___ Dataset content

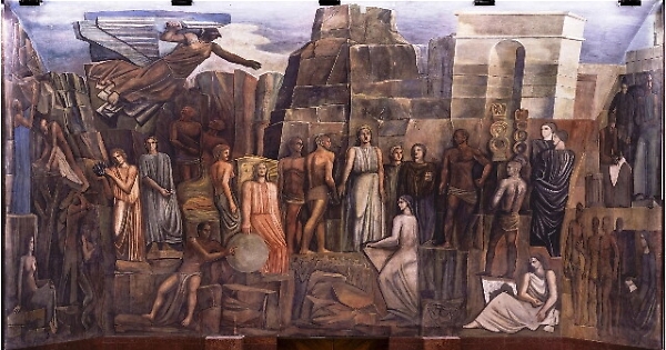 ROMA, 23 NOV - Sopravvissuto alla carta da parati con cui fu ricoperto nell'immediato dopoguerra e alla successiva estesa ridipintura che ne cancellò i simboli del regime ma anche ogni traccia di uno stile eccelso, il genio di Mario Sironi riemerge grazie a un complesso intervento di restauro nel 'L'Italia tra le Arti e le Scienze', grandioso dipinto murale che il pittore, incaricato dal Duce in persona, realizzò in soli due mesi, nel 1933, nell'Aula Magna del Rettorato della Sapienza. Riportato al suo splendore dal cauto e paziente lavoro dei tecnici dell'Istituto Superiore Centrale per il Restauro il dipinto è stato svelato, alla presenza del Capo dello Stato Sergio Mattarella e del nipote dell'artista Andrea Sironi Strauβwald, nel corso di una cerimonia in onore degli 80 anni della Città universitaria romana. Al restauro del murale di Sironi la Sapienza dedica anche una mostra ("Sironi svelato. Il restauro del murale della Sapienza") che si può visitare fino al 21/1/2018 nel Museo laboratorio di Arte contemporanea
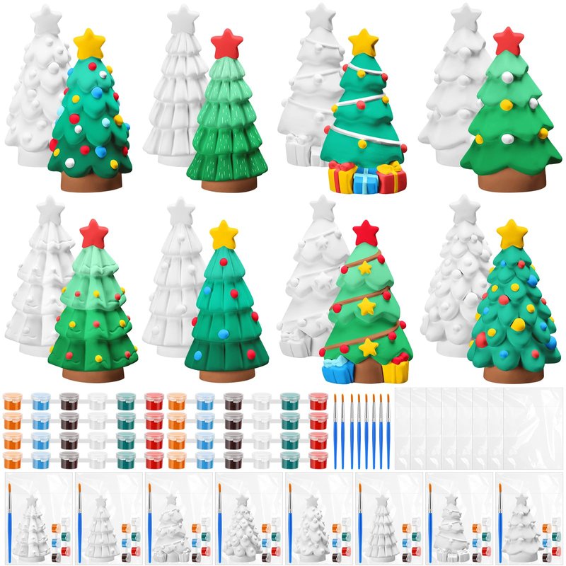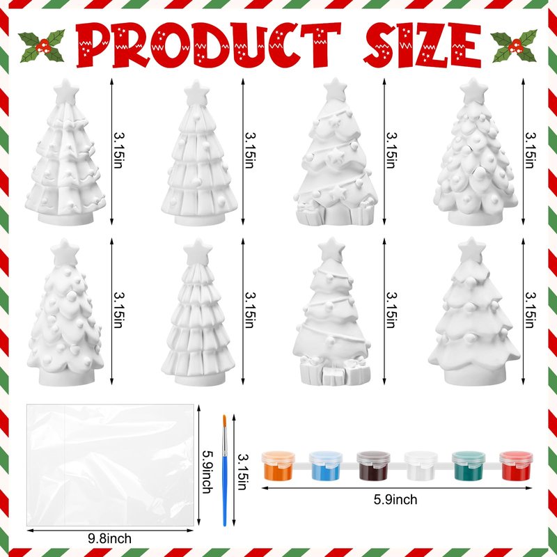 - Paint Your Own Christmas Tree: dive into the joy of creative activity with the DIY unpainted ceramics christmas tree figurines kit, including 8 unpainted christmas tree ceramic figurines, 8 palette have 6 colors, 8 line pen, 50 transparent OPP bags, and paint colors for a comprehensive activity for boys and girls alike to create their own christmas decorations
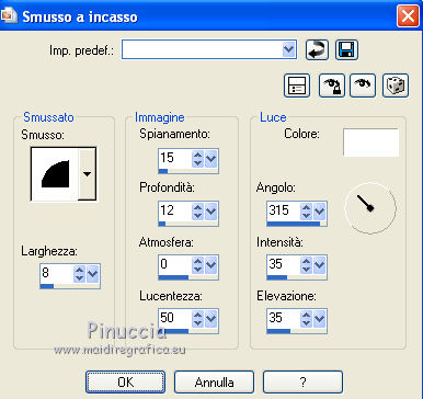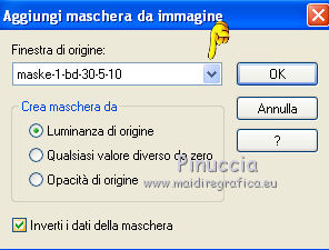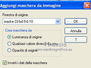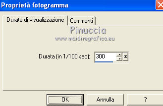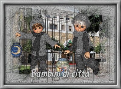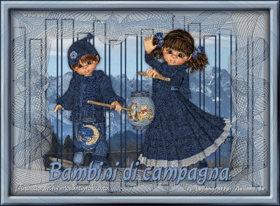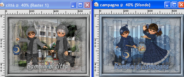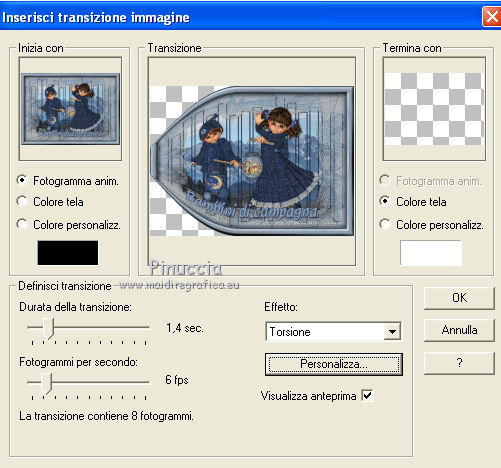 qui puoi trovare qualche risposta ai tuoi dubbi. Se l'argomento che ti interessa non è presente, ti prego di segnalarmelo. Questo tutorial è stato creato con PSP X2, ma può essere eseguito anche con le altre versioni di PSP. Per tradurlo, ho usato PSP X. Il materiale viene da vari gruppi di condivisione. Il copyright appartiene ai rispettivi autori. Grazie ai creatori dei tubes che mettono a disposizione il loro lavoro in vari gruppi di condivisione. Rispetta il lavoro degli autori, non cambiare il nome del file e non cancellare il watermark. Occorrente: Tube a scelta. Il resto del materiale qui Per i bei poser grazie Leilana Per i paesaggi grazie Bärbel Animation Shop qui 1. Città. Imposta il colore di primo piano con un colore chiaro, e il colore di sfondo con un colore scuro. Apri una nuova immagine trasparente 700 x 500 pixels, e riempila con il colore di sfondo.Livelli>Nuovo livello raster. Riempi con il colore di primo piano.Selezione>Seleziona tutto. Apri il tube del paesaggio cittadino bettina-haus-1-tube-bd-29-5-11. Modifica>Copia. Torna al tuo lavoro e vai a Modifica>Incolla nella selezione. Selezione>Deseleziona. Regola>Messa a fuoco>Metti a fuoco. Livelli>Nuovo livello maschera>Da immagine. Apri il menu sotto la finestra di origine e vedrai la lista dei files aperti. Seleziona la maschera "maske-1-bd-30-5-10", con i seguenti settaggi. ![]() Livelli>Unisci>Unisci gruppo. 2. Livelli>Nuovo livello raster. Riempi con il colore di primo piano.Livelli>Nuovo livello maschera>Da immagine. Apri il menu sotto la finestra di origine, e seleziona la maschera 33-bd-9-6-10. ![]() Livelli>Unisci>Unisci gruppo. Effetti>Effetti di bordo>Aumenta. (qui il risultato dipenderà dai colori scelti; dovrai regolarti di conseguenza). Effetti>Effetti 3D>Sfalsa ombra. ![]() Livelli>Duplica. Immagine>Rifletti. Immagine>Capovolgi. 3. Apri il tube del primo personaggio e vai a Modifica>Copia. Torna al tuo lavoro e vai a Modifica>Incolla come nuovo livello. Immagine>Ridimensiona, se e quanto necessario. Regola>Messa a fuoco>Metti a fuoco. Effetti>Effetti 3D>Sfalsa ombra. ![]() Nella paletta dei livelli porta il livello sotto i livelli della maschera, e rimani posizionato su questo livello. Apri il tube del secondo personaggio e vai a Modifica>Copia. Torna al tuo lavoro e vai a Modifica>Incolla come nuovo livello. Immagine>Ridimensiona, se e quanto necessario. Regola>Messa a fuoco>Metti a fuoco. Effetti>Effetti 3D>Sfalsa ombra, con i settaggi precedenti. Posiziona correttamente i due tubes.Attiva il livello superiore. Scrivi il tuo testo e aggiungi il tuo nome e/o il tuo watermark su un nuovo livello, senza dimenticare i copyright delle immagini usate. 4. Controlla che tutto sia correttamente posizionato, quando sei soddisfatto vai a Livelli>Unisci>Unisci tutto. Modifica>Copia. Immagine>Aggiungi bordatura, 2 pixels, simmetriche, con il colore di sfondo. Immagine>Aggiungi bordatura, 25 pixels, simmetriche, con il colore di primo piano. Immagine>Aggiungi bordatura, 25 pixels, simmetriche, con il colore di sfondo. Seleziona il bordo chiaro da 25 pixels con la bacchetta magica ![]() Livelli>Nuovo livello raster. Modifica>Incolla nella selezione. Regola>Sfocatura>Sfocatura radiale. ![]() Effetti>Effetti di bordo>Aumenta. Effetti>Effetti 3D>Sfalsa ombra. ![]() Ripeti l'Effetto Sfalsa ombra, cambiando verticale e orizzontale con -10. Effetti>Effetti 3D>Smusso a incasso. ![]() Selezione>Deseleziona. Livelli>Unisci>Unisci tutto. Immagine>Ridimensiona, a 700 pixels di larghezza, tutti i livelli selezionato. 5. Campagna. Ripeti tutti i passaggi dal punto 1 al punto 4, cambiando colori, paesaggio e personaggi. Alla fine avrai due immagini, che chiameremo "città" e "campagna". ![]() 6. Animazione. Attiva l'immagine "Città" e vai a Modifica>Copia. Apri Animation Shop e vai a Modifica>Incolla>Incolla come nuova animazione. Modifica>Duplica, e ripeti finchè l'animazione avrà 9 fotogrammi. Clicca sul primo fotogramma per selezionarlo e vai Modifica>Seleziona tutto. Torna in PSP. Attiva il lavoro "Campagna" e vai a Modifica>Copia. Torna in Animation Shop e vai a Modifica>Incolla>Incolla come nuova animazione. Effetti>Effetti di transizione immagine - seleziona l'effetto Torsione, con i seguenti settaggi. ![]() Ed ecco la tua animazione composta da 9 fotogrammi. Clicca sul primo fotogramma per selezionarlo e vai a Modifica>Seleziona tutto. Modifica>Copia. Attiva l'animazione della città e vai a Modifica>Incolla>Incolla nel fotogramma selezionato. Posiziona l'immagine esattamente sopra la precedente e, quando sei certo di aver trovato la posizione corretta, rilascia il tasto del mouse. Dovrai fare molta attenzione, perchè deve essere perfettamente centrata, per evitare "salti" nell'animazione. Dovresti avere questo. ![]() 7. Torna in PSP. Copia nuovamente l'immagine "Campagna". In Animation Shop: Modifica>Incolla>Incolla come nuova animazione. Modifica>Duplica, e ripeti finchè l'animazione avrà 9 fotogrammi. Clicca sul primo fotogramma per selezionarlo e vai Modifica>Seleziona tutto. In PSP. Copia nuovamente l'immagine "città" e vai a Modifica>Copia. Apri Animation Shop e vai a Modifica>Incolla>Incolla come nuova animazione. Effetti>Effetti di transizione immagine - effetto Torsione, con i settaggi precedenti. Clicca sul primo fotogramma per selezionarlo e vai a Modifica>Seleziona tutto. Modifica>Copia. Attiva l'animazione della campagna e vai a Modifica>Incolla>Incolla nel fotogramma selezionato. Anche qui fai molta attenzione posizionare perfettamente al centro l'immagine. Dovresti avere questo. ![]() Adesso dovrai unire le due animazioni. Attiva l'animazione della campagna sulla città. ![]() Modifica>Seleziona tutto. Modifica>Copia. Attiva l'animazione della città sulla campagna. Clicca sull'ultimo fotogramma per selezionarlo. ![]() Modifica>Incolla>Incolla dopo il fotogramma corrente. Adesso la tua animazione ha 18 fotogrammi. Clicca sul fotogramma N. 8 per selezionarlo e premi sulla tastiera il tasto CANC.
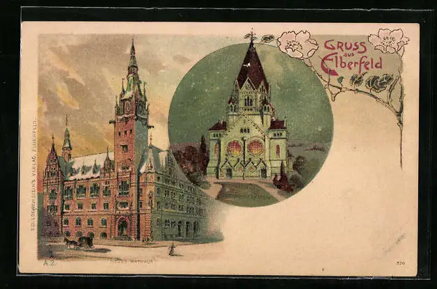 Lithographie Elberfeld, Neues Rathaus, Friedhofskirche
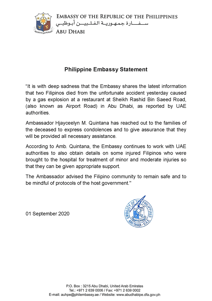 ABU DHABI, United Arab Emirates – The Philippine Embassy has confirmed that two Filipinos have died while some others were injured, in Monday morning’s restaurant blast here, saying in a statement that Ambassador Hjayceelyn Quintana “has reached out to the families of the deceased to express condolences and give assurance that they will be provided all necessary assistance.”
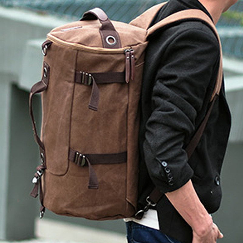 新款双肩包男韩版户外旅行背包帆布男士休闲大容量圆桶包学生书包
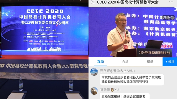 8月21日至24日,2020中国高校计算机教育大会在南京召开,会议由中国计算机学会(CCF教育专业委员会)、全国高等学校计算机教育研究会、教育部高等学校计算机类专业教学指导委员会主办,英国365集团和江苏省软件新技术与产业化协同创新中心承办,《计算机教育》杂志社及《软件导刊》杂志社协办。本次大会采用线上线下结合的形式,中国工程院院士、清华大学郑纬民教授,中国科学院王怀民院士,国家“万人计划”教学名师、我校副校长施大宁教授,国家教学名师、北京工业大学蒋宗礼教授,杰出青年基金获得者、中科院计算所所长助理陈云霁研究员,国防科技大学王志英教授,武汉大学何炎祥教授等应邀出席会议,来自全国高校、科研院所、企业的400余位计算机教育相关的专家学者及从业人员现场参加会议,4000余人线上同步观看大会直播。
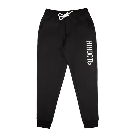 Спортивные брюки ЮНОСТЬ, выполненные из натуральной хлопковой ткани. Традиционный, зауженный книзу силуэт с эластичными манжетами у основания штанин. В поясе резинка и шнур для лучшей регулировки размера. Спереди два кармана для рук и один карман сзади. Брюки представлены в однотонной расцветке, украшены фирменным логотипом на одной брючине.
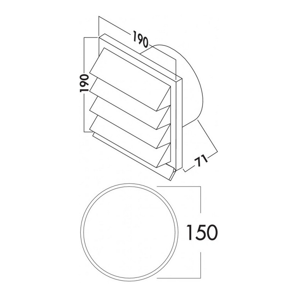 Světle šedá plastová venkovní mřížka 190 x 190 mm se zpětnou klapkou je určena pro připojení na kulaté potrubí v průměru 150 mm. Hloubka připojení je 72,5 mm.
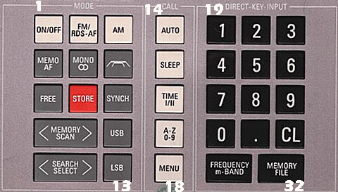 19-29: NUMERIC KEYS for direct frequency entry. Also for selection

______

**Brief**
Above are entries with pictures among them. Write out exactly the lines from the one containing "Lithographie Elberfeld, Neues" through the one containing "ABU DHABI, United", ends included, and leave those pictures out.

**Response area**
 Lithographie Elberfeld, Neues Rathaus, Friedhofskirche
 ABU DHABI, United Arab Emirates – The Philippine Embassy has confirmed that two Filipinos have died while some others were injured, in Monday morning’s restaurant blast here, saying in a statement that Ambassador Hjayceelyn Quintana “has reached out to the families of the deceased to express condolences and give assurance that they will be provided all necessary assistance.”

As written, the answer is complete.